27 de septiembre de 2013

Una especie de milagro


Quería escribir una entrada feliz. Algo alegre y novedoso. Pero no me siento así ahora mismo. Estoy agotada. Veo cómo el tiempo pasa veloz y no puedo hacer nada para pararlo y darme un respiro. "Aprovecha el momento, no te agobies". Qué típico. No sé ni cuántas veces lo he oído y, sin embargo, es algo que ni me planteo. La realización de mis metas y sueños dependen en parte de que ahora esté agobiada y dé el máximo de mi en lo que lo tengo que dar.

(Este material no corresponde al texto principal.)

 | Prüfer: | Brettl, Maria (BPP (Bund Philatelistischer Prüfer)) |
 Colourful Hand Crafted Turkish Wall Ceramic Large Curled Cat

Pero algunos días...bueno, es un quiero y no puedo. Me pasan cosas buenas y ni siquiera tengo un momento para sentirme contenta por ellas.
Empiezo las mañanas con energía. La música ayuda y camino hacia la universidad preparada, con ganas y medio bailando. Sin embargo, pasan las horas, el cansancio empieza a hacer aparición y se encarga de cambiarme el humor y, en ocasiones, el estado de ánimo. Pienso en todo lo que tengo que hacer antes de que se acabe el día y me resulta imposible no sentir cómo el agobio y el pánico se apoderan de mí. No tengo tantas horas en el día. Por un instante me siento perdida y abandonada. Luego recuerdo que forma parte de mi sueño y que debo luchar por conseguirlo. Cueste lo que cueste. 
Así son mis días, uno tras otro. En fila india hasta que llegue Diciembre o Enero y pueda descansar. 

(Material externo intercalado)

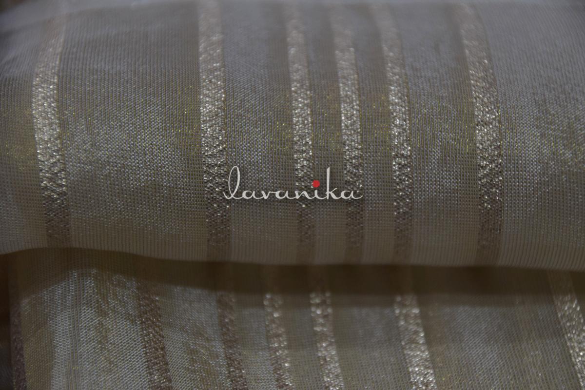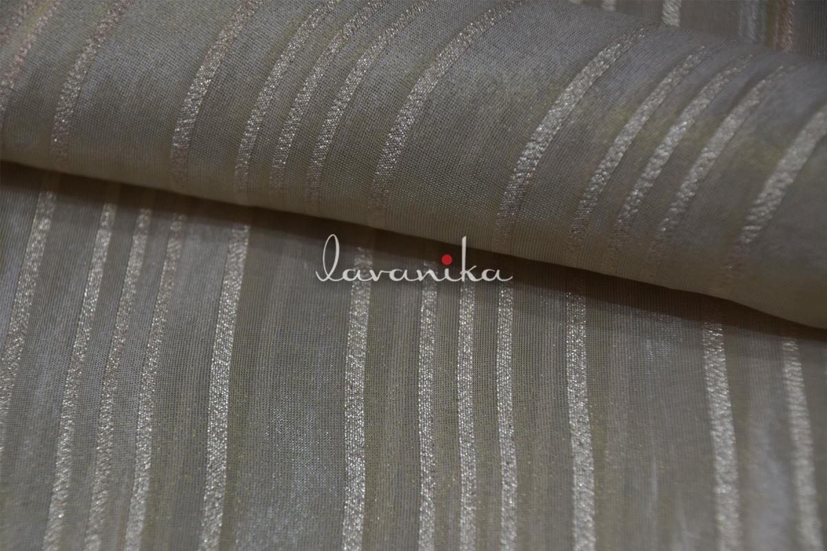 This gorgeous viscose tissue fabric is dyeable and has single width stripes pattern giving it sleek, glamourous and luxurious look. It has a smooth handlfeel and looks very elegant. It Is perfect choice to create garments especially occasionwear, bridalwear and eveningwear. Can also be used to make luxurious drapery.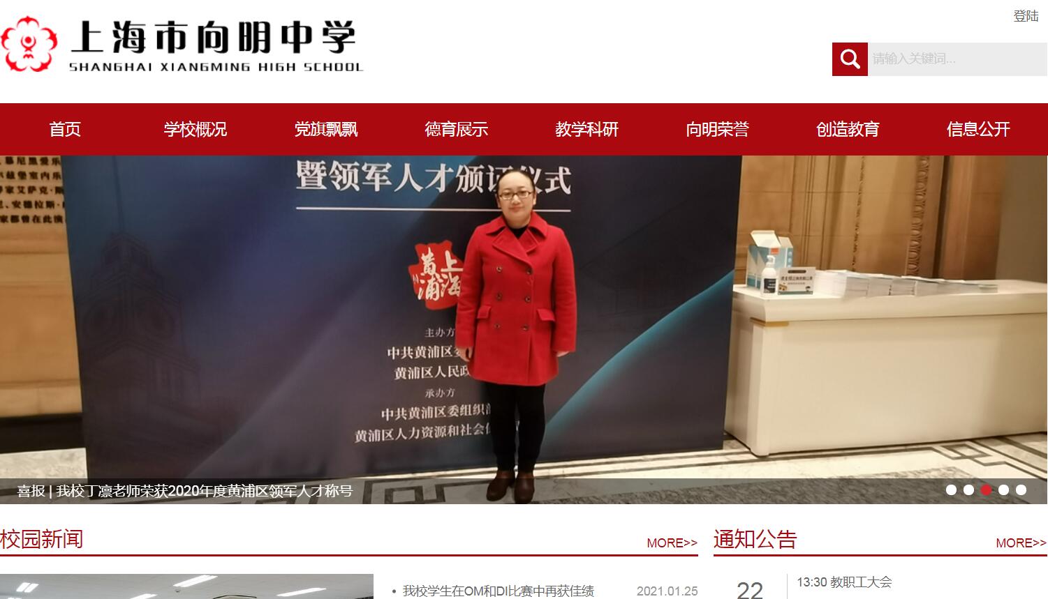 沪上百年名校向明中学由著名爱国教育家马相伯先生于1902年创建,1959年被命名为上海市重点中学。2005年被上海市教委命名为首批“上海市实验性示范性高中”。2009年9月,向明中学在闵行区浦江镇设立浦江校区,学校形成横跨黄浦江两岸的“一校两区”办学格局,共同延续向明创造教育办学特色。2017年以向明为龙头,成立向明教育集团。

Todo parece oscuro y retorcido y cuando crees que la monotonía es un túnel sin salida, aparece la luz. Mi luz. Mi causa perdida. Alguien que parece tener mil problemas y no sabe cómo resolverlos. Alguien que utiliza un juego para evadirse de la realidad. Alguien que me recuerda a alguien.

Y me hace reír. Me divierto hablando con él o al menos intentándolo. Pero es emocionante, es lo que me da vida. Como él diría: "YOSH". Me hace plantearme muchas cosas. Me intriga. Es muy bueno y él ni siquiera lo sabe. Me gusta la persona. O quizás la causa perdida, aún no lo sé. El caso es que me emociona cada noche y me hace sonreír con ganas. Soy consciente de lo absurdo que es pero no puedo dejarlo estar. Me da igual que los impedimentos sean cien mil millones, el simple hecho de hablar ya hace más interesante mi día. 

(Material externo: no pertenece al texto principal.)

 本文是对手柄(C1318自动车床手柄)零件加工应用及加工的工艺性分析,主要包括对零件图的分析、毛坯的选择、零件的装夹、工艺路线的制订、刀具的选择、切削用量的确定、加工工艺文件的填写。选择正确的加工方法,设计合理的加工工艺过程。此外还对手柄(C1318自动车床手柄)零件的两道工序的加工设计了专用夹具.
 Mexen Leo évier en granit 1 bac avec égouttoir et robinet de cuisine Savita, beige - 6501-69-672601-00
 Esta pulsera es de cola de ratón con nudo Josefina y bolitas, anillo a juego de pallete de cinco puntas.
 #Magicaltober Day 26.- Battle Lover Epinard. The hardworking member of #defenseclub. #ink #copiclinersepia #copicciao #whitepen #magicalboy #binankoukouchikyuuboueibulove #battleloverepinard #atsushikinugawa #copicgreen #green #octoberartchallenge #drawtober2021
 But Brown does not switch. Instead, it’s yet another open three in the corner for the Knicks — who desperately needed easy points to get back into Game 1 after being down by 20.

En cambio no. No siento nada fuerte ni trascendental. Mi mundo no depende de ello, pero mejora y eso es suficiente para que no pueda abandonarlo. Es el milagro del nacimiento de una amistad que no esperabas. La alegría de saber que hay alguien ajeno a ti que te entiende y, de cierta manera, te necesita. Así que no, no puedo abandonarlo. No ahora. No nunca. (Espero)

18 de septiembre de 2013

"Porque cuando descubras lo poderosos que son tus pensamientos..."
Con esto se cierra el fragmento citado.